- _Problem_: An exact copy of every entry is the answer here, with no pictures.

- _The records_:

------------------------

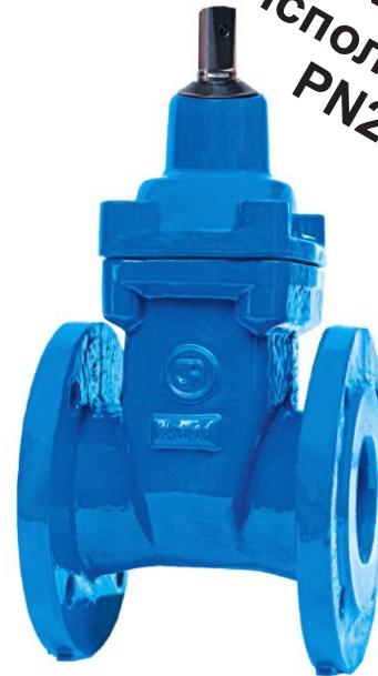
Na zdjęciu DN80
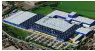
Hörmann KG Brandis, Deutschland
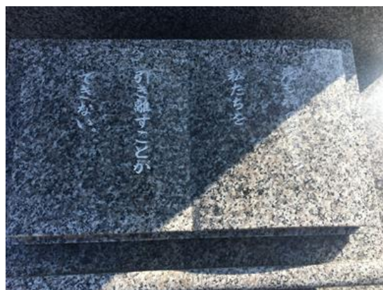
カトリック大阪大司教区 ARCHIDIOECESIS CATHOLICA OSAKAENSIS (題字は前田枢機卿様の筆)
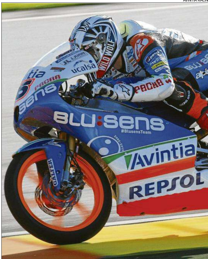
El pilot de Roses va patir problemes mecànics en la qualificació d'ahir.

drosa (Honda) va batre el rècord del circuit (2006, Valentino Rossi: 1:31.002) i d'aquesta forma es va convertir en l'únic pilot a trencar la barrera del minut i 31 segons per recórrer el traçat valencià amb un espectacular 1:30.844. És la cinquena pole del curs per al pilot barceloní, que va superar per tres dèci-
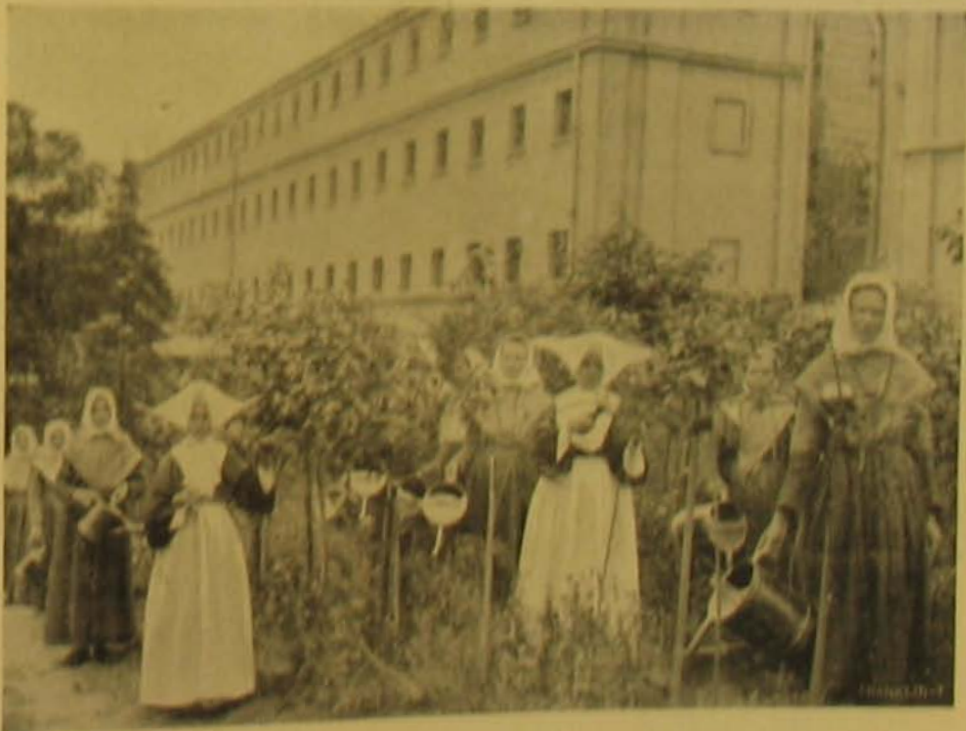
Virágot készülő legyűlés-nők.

------------------------

- _Output of the exercise_:
Na zdjęciu DN80
Hörmann KG Brandis, Deutschland
カトリック大阪大司教区 ARCHIDIOECESIS CATHOLICA OSAKAENSIS (題字は前田枢機卿様の筆)
El pilot de Roses va patir problemes mecànics en la qualificació d'ahir.

drosa (Honda) va batre el rècord del circuit (2006, Valentino Rossi: 1:31.002) i d'aquesta forma es va convertir en l'únic pilot a trencar la barrera del minut i 31 segons per recórrer el traçat valencià amb un espectacular 1:30.844. És la cinquena pole del curs per al pilot barceloní, que va superar per tres dèci-
Virágot készülő legyűlés-nők.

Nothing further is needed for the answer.